__Directions for this task__: All pictures are to be omitted while the lines starting at the line with "Säljer en svart" and ending at the line with "The video captures" in the material below are retyped exactly, both ends included.

__Provided material__:
◇ ◇ ◇ ◇ ◇ ◇ ◇

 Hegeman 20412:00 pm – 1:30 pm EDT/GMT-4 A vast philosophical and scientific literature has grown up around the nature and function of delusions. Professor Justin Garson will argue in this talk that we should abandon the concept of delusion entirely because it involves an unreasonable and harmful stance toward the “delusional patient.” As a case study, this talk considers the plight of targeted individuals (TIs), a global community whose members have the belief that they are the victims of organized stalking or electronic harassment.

◇ ◇ ◇ ◇ ◇ ◇ ◇

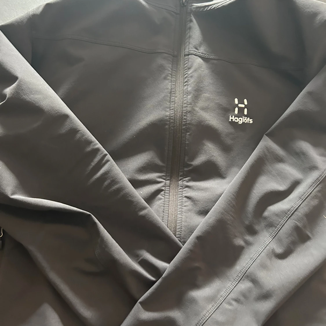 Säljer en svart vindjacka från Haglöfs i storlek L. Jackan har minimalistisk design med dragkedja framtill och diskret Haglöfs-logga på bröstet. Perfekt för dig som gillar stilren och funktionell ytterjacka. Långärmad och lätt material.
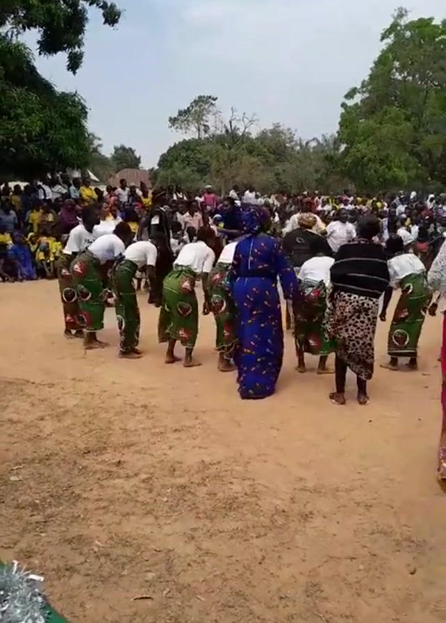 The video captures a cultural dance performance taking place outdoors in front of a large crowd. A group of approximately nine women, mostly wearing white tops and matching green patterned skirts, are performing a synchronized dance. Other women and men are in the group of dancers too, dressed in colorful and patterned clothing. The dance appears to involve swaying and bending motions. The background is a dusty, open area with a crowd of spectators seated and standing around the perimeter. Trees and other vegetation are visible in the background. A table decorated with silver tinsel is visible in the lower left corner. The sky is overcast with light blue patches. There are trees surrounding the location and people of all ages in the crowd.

◇ ◇ ◇ ◇ ◇ ◇ ◇

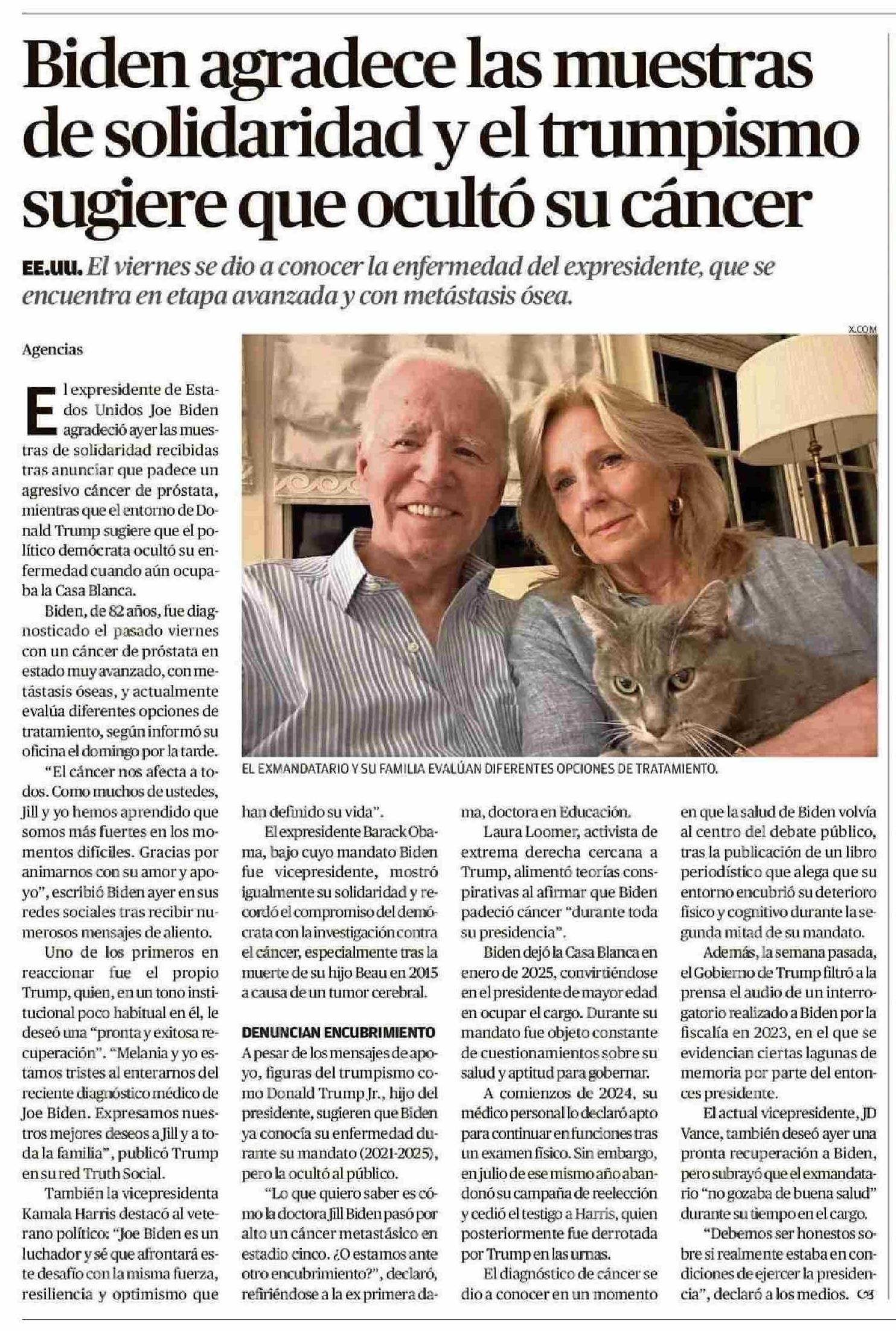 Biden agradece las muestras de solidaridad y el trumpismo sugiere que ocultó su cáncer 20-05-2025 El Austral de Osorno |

◇ ◇ ◇ ◇ ◇ ◇ ◇

__Reply to the task__:
 Säljer en svart vindjacka från Haglöfs i storlek L. Jackan har minimalistisk design med dragkedja framtill och diskret Haglöfs-logga på bröstet. Perfekt för dig som gillar stilren och funktionell ytterjacka. Långärmad och lätt material.
 The video captures a cultural dance performance taking place outdoors in front of a large crowd. A group of approximately nine women, mostly wearing white tops and matching green patterned skirts, are performing a synchronized dance. Other women and men are in the group of dancers too, dressed in colorful and patterned clothing. The dance appears to involve swaying and bending motions. The background is a dusty, open area with a crowd of spectators seated and standing around the perimeter. Trees and other vegetation are visible in the background. A table decorated with silver tinsel is visible in the lower left corner. The sky is overcast with light blue patches. There are trees surrounding the location and people of all ages in the crowd.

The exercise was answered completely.